Second right answer: They are all retail establishments.

In conclusion, a moral reflection:

"Too much care for one’s reputation erodes one’s integrity. Tell the truth even if it makes the world discount you as a fool or a knave. 'Not lying' may satisfy the code of a gentleman, as Chesterton said, but it is the coward’s way around the duty to tell the truth. Yet the world can absorb truth only in bits. Tell too much truth at one time and the world will turn on you as on a rabid dog." --M. I. Knotwright

3 comments:

  1. Joanie, as I called her, was not the most popular person in Jackson Miss. But that kind of unpopularity is something to be aspired to.

    When the creeps and the cranks and the whack-jobs and the trolls can't stand you, you must be doing something right.

    Thus forward, if you intend to use my proper name, it's Ed IV Ed.

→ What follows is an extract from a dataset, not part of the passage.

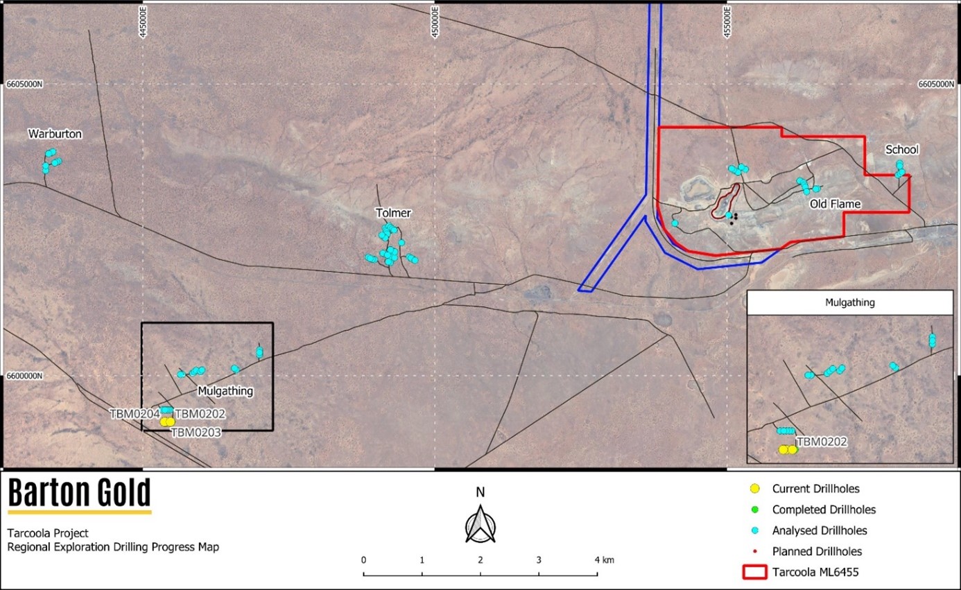 Barton Gold Holdings Limited (ASX:BGD)(FRA:BGD3)(OTCQB:BGDFF) (Barton or Company) is pleased to confirm that its drilling program testing multiple targets near the Tarcoola Gold Project's (Tarcoola) Perseverance open pit mine is now complete, with 9,052m RC drilling completed across 44 days' drilling. 2

    I am often a coward, and more often wrong, but in full possession of my guts.

    Another fine column, Kernel.

    ReplyDelete
  2. Only ed4ed would be arrogant enought to try to elevate his nickname to something above all the little folk. Really "IV" how pretentious. tsk tsk.

    ReplyDelete
  3. Anon 9:49:

    You may address me as "he who shall not be named." Which is different than "anonymous troll."

    But, you know what I'm talking about.